INFORMATION PROVIDED —
_ _ _ _ _ _ _

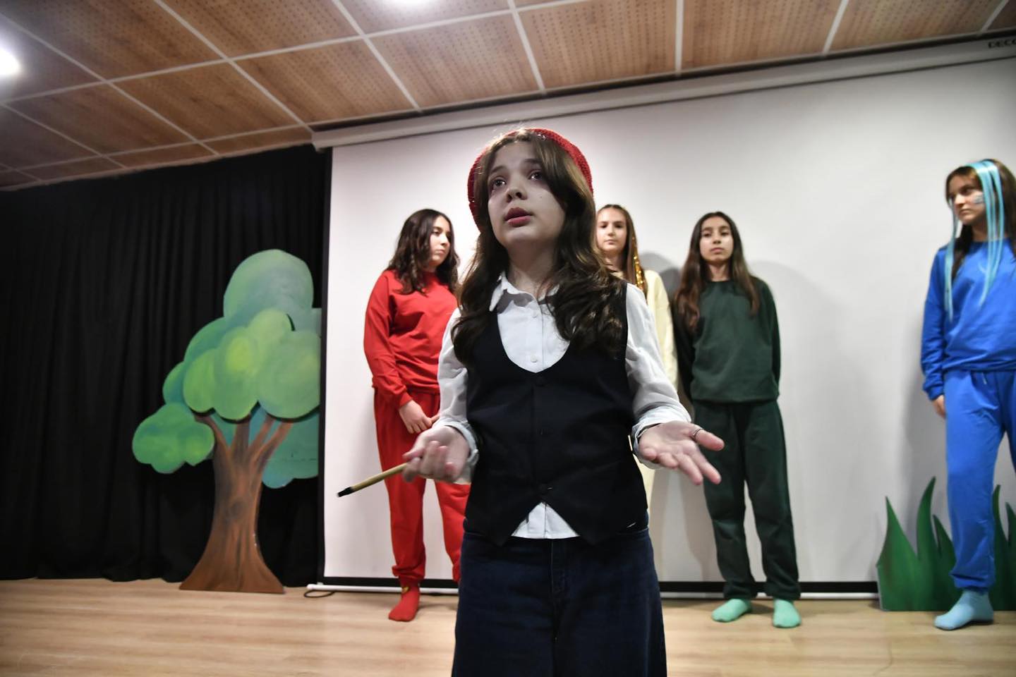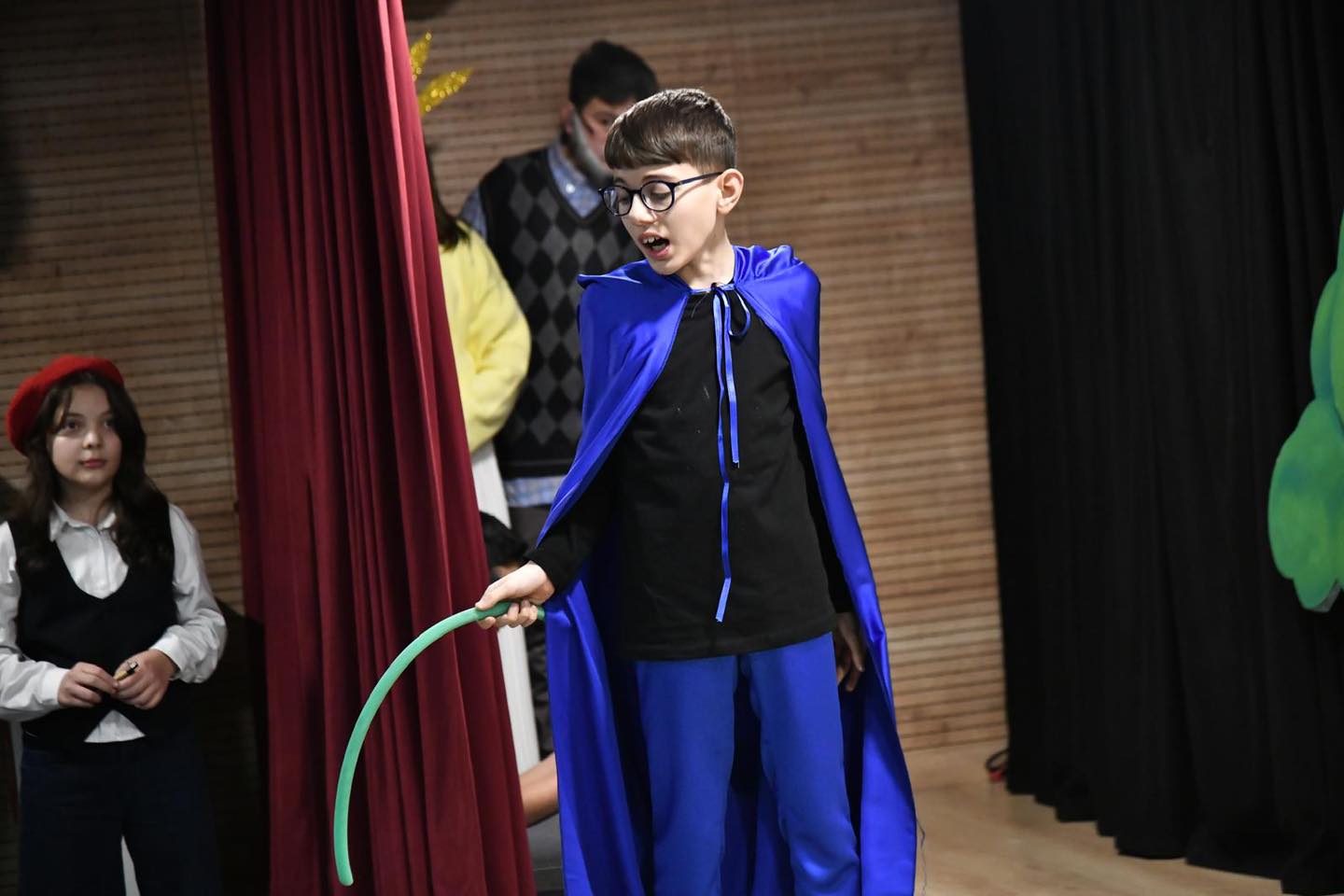 Sahne performanslarıyla dikkat çeken öğrenciler, oyunda sergiledikleri rol yorumları ve sahne hakimiyetleriyle izleyicilerden beğeni topladı. Renkli kostümler ve sahne dekorları eşliğinde sahnelenen oyun, salonu dolduran izleyiciler tarafından ilgiyle takip edildi.
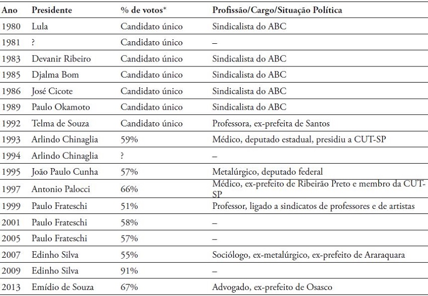 O principal ponto de apoio para a construção das bases partidárias petistas paulistas foram os sindicatos e os movimentos operários (Meneguello, Amaral e Bizzarro Neto, 2014; Nafalski e Pessoa Júnior, 2015).15 Isso pode ser observado na Tabela 3, a qual mostra que todos os presidentes da seção paulista do PT foram lideranças sindicais, membros da Central Única dos Trabalhadores (CUT) ou ligados de algum modo ao mundo do trabalho. Mesmo no caso de profissionais liberais, artistas ou intelectuais, suas identidades eram mais próximas ao perfil dominante dentro do partido. Em todos os casos, eles se elegeram como candidatos únicos, sem competidores. Em segundo lugar, destacam-se líderes pertencentes à categoria de profissionais liberais e grupos intelectuais. Além disso, de acordo com Nafalski e Pessoa Júnior (2015), todos são oriundos da tendência petista denominada Campo Majoritário e ligados ao ex-presidente Lula.
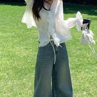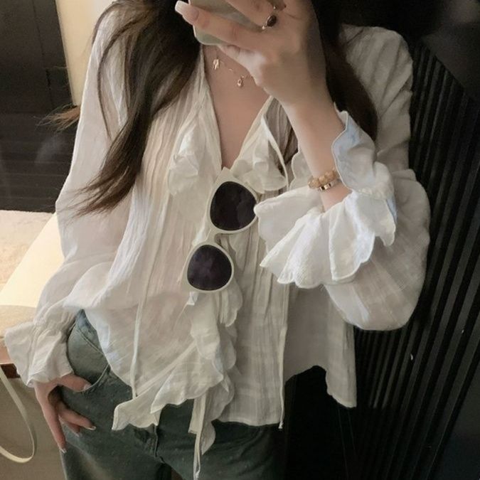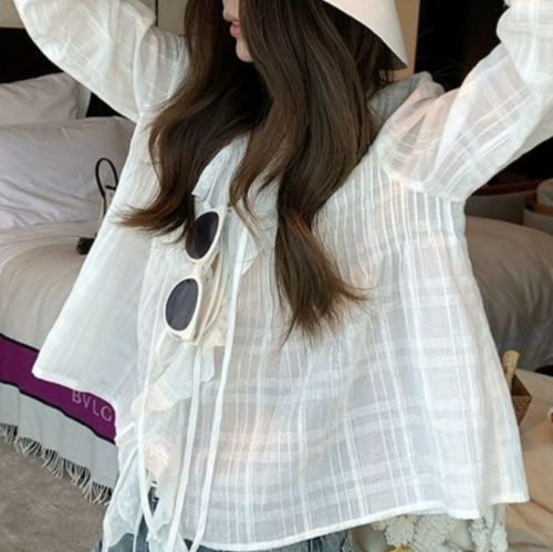 軽やかな透け感素材が魅力のフリルブラウスです。

_ _ _ _ _ _ _

EXERCISE GOAL —
Everything in the listing should be copied exactly, apart from the images it holds.

PROBLEM SOLUTION —
 Sahne performanslarıyla dikkat çeken öğrenciler, oyunda sergiledikleri rol yorumları ve sahne hakimiyetleriyle izleyicilerden beğeni topladı. Renkli kostümler ve sahne dekorları eşliğinde sahnelenen oyun, salonu dolduran izleyiciler tarafından ilgiyle takip edildi.
 O principal ponto de apoio para a construção das bases partidárias petistas paulistas foram os sindicatos e os movimentos operários (Meneguello, Amaral e Bizzarro Neto, 2014; Nafalski e Pessoa Júnior, 2015).15 Isso pode ser observado na Tabela 3, a qual mostra que todos os presidentes da seção paulista do PT foram lideranças sindicais, membros da Central Única dos Trabalhadores (CUT) ou ligados de algum modo ao mundo do trabalho. Mesmo no caso de profissionais liberais, artistas ou intelectuais, suas identidades eram mais próximas ao perfil dominante dentro do partido. Em todos os casos, eles se elegeram como candidatos únicos, sem competidores. Em segundo lugar, destacam-se líderes pertencentes à categoria de profissionais liberais e grupos intelectuais. Além disso, de acordo com Nafalski e Pessoa Júnior (2015), todos são oriundos da tendência petista denominada Campo Majoritário e ligados ao ex-presidente Lula.
 軽やかな透け感素材が魅力のフリルブラウスです。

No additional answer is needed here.